INPUT DATA:
··········
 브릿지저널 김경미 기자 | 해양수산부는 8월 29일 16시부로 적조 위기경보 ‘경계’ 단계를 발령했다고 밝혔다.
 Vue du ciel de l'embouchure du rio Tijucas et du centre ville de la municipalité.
··········
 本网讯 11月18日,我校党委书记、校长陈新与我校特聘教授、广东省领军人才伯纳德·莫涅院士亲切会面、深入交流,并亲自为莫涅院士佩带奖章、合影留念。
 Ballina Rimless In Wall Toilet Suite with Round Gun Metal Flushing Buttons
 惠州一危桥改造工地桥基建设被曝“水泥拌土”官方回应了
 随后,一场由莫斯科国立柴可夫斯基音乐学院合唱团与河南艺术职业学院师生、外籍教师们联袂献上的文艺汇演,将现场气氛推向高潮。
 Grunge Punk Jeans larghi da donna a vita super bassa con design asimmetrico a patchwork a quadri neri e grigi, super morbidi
··········
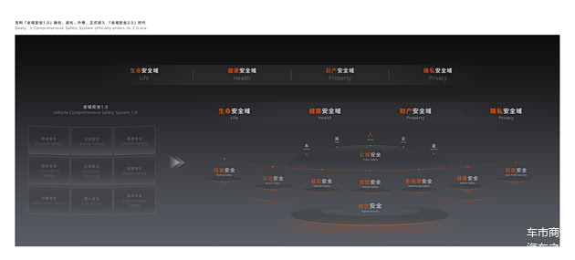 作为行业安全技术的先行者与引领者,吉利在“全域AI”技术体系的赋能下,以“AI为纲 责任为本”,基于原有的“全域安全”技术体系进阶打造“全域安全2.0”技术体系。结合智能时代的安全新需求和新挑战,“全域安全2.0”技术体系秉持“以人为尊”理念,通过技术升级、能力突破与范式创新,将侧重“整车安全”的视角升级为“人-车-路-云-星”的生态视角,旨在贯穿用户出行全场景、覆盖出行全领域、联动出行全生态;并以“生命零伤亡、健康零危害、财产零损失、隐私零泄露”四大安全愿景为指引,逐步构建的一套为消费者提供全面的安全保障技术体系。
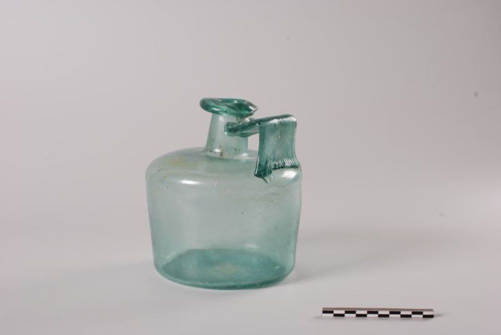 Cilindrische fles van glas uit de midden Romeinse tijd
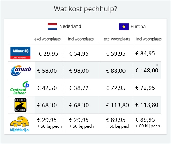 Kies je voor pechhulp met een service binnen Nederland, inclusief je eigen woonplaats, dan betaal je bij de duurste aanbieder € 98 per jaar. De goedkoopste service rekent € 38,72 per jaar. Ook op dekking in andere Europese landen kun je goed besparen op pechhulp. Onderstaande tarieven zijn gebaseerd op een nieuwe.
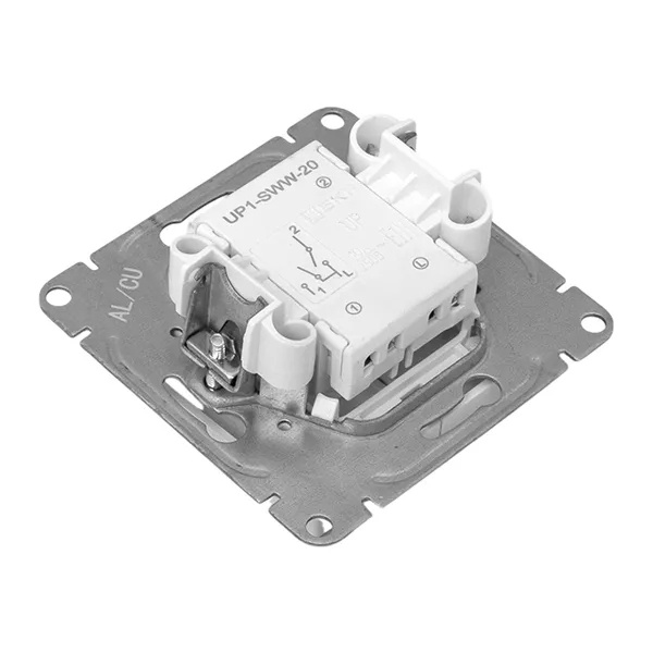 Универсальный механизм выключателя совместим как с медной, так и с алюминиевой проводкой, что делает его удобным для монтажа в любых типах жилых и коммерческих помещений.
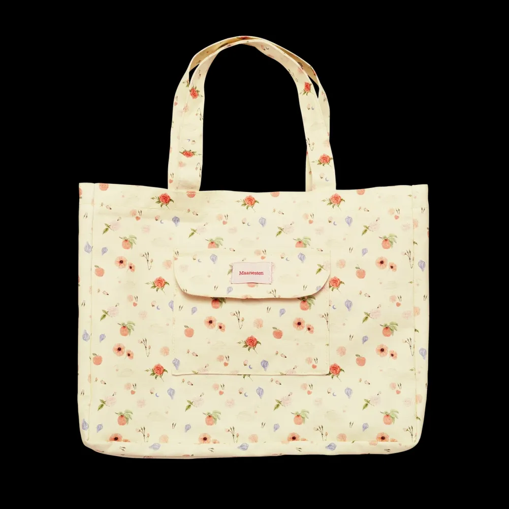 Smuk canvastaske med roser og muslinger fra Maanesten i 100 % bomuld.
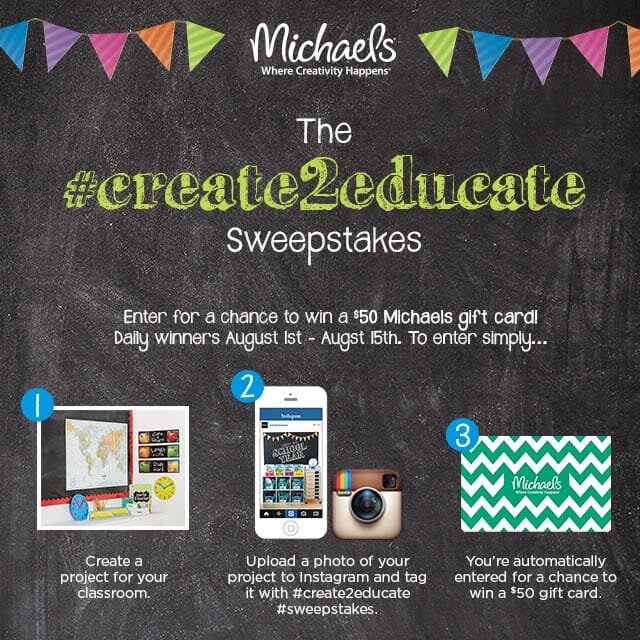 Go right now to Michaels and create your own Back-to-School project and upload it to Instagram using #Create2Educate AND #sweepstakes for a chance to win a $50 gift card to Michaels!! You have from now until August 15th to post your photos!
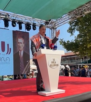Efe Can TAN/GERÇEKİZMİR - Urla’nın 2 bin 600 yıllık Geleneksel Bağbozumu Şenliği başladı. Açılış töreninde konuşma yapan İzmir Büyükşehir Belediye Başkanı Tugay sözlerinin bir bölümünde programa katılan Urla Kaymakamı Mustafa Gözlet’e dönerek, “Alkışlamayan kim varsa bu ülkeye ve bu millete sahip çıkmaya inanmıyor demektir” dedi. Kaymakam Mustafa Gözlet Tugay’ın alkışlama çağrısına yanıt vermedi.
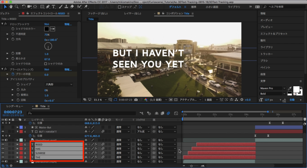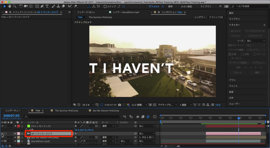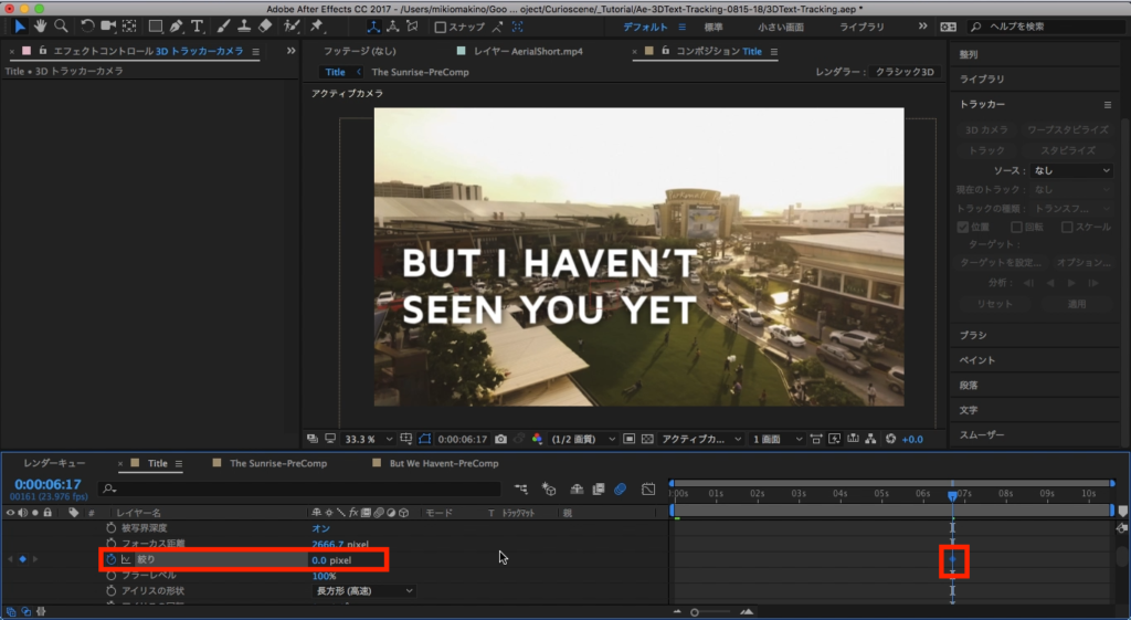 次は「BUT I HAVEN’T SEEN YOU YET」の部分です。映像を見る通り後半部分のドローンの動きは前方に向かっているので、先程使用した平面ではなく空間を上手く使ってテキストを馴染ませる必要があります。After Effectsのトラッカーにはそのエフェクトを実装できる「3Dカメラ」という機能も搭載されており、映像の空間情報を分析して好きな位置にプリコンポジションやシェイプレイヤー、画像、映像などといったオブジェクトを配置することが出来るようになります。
··········
PROBLEM STATEMENT: Set down, exactly as they appear above, all lines from the one that has "随后,一场由莫斯科国立柴可夫" down to the one that has "Grunge Punk Jeans", including those two and no others.

REPLY:
 随后,一场由莫斯科国立柴可夫斯基音乐学院合唱团与河南艺术职业学院师生、外籍教师们联袂献上的文艺汇演,将现场气氛推向高潮。
 Grunge Punk Jeans larghi da donna a vita super bassa con design asimmetrico a patchwork a quadri neri e grigi, super morbidi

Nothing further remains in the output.